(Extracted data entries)
################
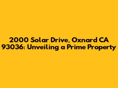 2000 Solar Drive, Oxnard: Your Guide To A Prime Location
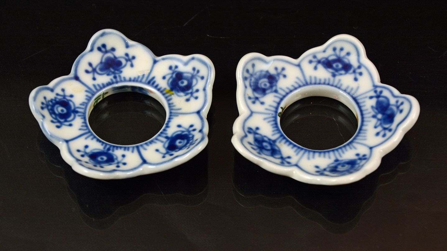 To stykker kongelige musselmalet riflet lysmanchetter (nr.1/16) fra Royal Copenhagen. 1. sortering
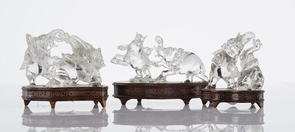 Trois groupes en cristal de roche sculpté, H 7 et 6 cm
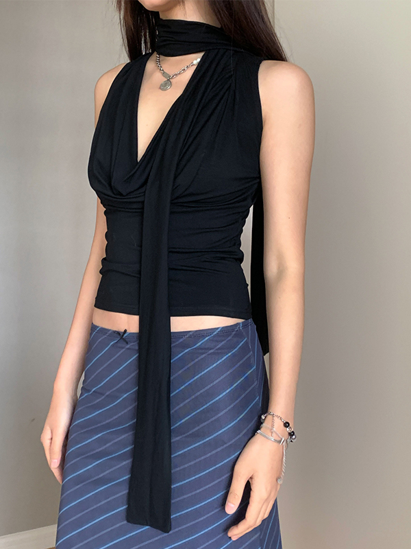 V Neck Ribbon Halter Neck Tank Top
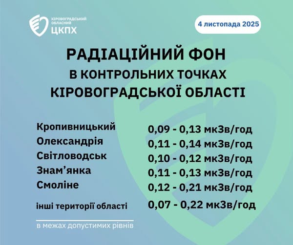 Радіаційний фон у місті Кропивницький та Кіровоградській області станом на 08:30 сьогодні, 04.11.2025
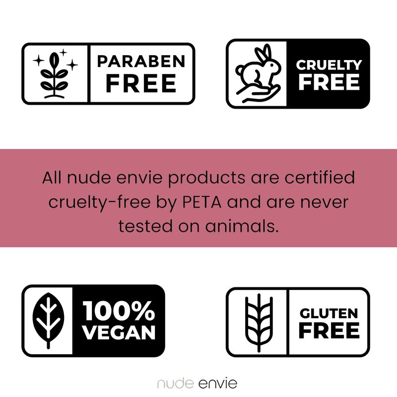 - Certified Vegan, Cruelty-Free, and Paraben Free- Nude Envie is carefully crafted using the finest ingredients. All products are certified vegan, cruelty-free, paraben-free, and gluten-free.
################
### Your objective
Retype precisely, and only, the lines from the one holding "V Neck Ribbon Halter Neck Tank Top" through the final line of the data above, with the pictures omitted.

### Answer to this task
 V Neck Ribbon Halter Neck Tank Top
 Радіаційний фон у місті Кропивницький та Кіровоградській області станом на 08:30 сьогодні, 04.11.2025
 - Certified Vegan, Cruelty-Free, and Paraben Free- Nude Envie is carefully crafted using the finest ingredients. All products are certified vegan, cruelty-free, paraben-free, and gluten-free.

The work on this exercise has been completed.